▶ **What this task involves**
Return exactly the lines of the records below, starting at the line that contains "2012年3月23日,邱启明" and ending at the line that contains "Ontdek de geweldige", with both of those lines kept.
##### Raw data
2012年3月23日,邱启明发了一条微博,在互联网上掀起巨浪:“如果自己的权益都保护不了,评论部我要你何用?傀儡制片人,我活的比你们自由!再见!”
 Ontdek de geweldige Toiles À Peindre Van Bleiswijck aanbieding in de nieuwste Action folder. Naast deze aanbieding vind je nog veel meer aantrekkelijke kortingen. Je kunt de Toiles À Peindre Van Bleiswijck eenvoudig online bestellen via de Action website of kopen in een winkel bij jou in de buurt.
##########
##### Raw data
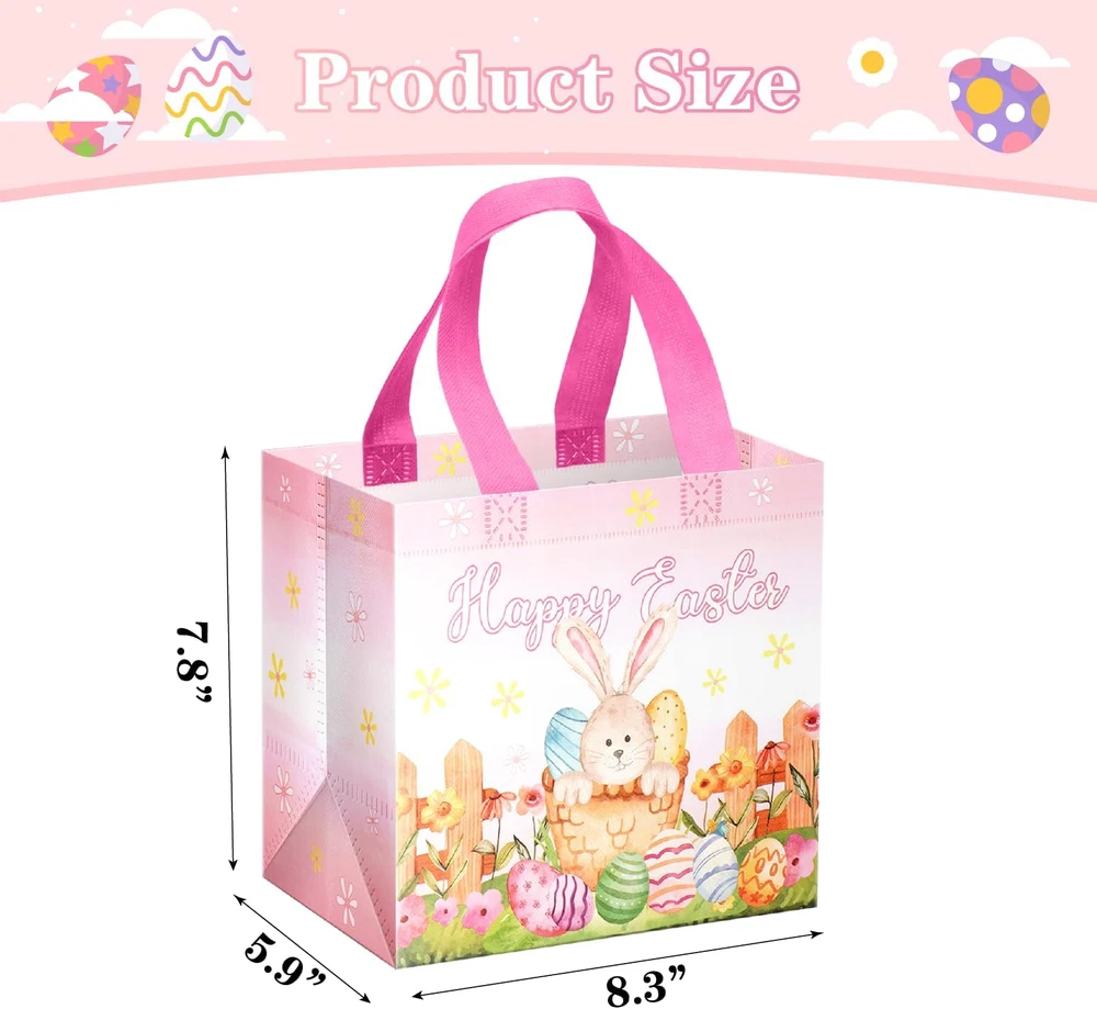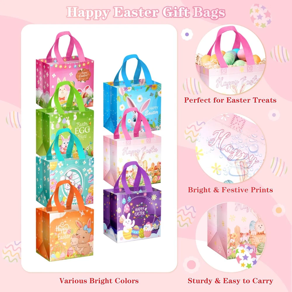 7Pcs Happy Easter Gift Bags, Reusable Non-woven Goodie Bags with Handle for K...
##########
##### Raw data
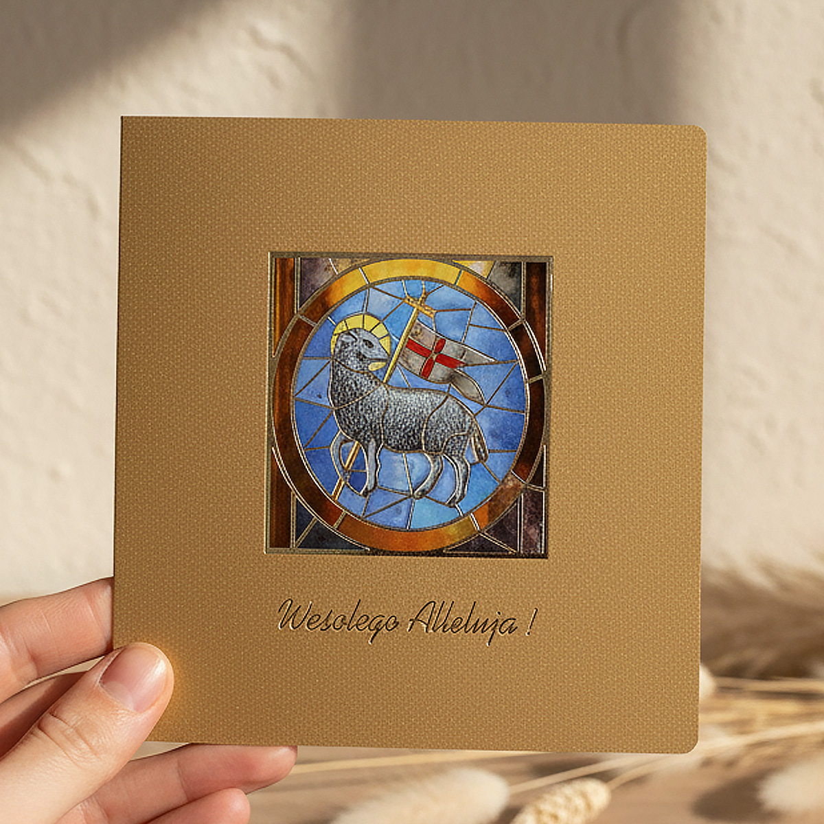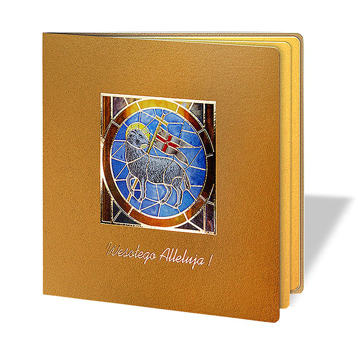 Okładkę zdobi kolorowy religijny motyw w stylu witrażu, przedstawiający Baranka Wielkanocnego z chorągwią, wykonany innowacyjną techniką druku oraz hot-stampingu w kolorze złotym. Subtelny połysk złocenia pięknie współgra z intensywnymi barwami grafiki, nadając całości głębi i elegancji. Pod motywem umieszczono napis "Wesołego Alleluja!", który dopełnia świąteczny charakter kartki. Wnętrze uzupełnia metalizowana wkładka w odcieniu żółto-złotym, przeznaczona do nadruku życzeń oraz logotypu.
##########
▶ **Response area**
2012年3月23日,邱启明发了一条微博,在互联网上掀起巨浪:“如果自己的权益都保护不了,评论部我要你何用?傀儡制片人,我活的比你们自由!再见!”
 Ontdek de geweldige Toiles À Peindre Van Bleiswijck aanbieding in de nieuwste Action folder. Naast deze aanbieding vind je nog veel meer aantrekkelijke kortingen. Je kunt de Toiles À Peindre Van Bleiswijck eenvoudig online bestellen via de Action website of kopen in een winkel bij jou in de buurt.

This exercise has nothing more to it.